Mitt, we hardly knew ye!

by CHRISTOPHER BENFEY

Mitt Romney at his house on Lake Winnipesaukee, New Hampshire, May 2007. PHOTO/Ben Baker/Redux

In the Republican debates, Mitt pretends that his ties to Massachusetts are tenuous. When Rick Perry tries to Pin the Dukakis on Romney (“Michael Dukakis created jobs three times faster than you did, Mitt”), Romney lamely claims that George W. Bush created more jobs in Texas than Perry. Although Mitt never talks about his own years at Harvard (after graduating from Brigham Young University in Provo, Utah, he took joint degrees from the Harvard Law School and the Business School), he accuses Obama of hanging out in the “Harvard faculty lounge.” Mitt’s greatest achievement as governor, the Massachusetts health care system (which passed with Ted Kennedy’s support and two dissenting votes in the state legislature), is now his greatest liability among Republicans, who see it as a stalking horse for “Obamacare.” Mitt now claims it was right for our quirky state but not for the nation. He has yet to explain why.

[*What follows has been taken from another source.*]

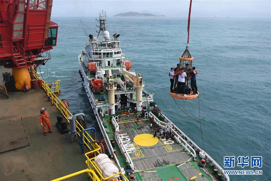 7月10日,工人乘船抵達位于南海北部海域的勘探三號鉆井平臺附近,再乘坐由吊機牽引的吊籠登上鉆井平臺,開啟他們當期在勘探三號平臺上的輪值工作。新華社記者蒲曉旭攝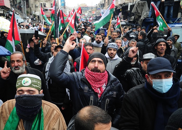 [프레스뉴스] 채정병 특파원=도널드 트럼프 미국 대통령이 발표한 이집트와 요르단으로의 가자주민 이주계획에 대해 아랍권이 들끓고 있는 상황에서 7일(현지시간) 요르단 전역에서 트럼프 계획에 반대하는 시민들이 거리로 나와 미국과 이스라엘을 강력히 규탄하고, 이미 트럼프에게 거부의사를 밝힌 압둘라 2세 요르단 국왕을 지지하는 가운데 수도 암만 다운타운에서 열린 시위에서 시민들이 분노하고 있다.

When Mitt trumpets his experience in American business, he rarely mentions that Bain & Company, the consulting and investment conglomerate in which he amassed his $200 million fortune, is a Boston firm. I was attending graduate school in the Boston area in 1977 when most of the smart graduates from Harvard Business School, including Mitt, seemed to be entering the hot new field of consulting. It wasn’t always clear what such firms did; the mystery was part of their allure. Bain was particularly cultish; according to Ryan Lizza in The New Yorker, it was known as “the KGB of management consulting.” Mitt became adept at the Bain specialty of leveraged buyouts, in which large sums are borrowed to acquire a company whose assets are used as collateral. Subsequent “restructuring”—often including layoffs, as Ted Kennedy pointed out in 1994—is intended to make the company more profitable.